1. Reformpäpste & Dictatus papae


Papst I
In diesem Beitrag widmen wir uns einmal dem Papst und dem päpstlichen Machtanspruch im Hoch- und Spätmittelalter.

Im 11. Jahrhundert gab es innerhalb der röm. kath. Kirche einige Reformen, die von den sogenannten "Reformpäpsten" ins Leben gerufen wurden. Ihnen ging es besonders darum,
- Missstände in der Kirche auszubessern
- die Unabhängigkeit der Kirche von der weltl. Macht (König/ Kaiser) zu betonen
- die Vorrangstellung des Papstes (gegenüber der weltl. Macht) zu sichern

Dieser Machtanspruch wurde 1075 von Papst Gregor VII im Dictatus Papae festgehalten. Darin betont er außerdem, dass er (bzw. der Pontifex) unfehlbar sei und dass er das Recht habe, Kaiser abzusetzen.

1.1. Zwei-Schwerter-Lehre


Zwei-Schwerter-Lehre
Nach der Zwei-Schwerter-Lehre gibt es zwei Schwerter auf der Erde (Die Schwerter stehen stellvertretend für die Macht):
Das weltliche Schwert und
Das geistliche Schwert

Beide Schwerter werden von Gott vergeben.
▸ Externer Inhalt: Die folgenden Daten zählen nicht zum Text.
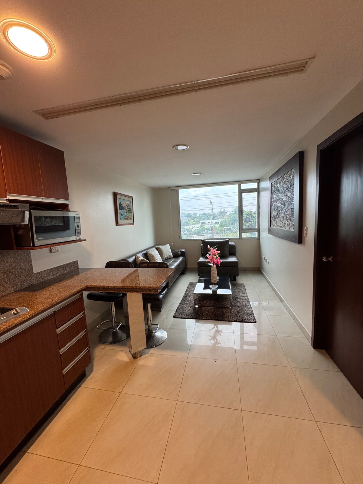 Čudovita suita z zasebno teraso na severu Guayaquila, dobro osvetljeni, udobni in sodobni prostori. Idealno za pare ali poslovna potovanja. Veličasten razgled na Guayaquil. To je zelo blizu glavnih mestnih točk: letališča, kopenskega terminala, zdravstvenih centrov, bencinskih črpalk in nakupovalnih centrov. Idealno za praktično in prijetno bivanje.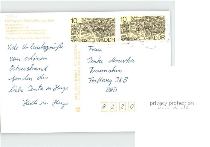 72202763 alte Postkarte Prerow Ostseebad Rohrdachhaus Campingplatz Wassertreter Prerowstrom Duenenhaus Strand postalisch gelaufen Erhaltung siehe scans KatCode: 11110013057068

Es gibt zwei Interpretationsansätze:
1. Gott gibt beide Schwerter an den Papst, der sein Stellvertreter auf Erden ist. Der Papst hat somit die Macht, den König einzusetzen --> Der Papst ist dem König übergeordnet, hat mehr macht.

2. Gott gibt ein Schwert an den Papst und das andere an den König. Der König und der Papst sind gleichauf und haben beide gleich viel Macht, da beide DIREKT von Gott in ihr Amt eingesetzt wurden.

2. Investiturstreit & Wormser Konkordat

folgt!

3. folgt...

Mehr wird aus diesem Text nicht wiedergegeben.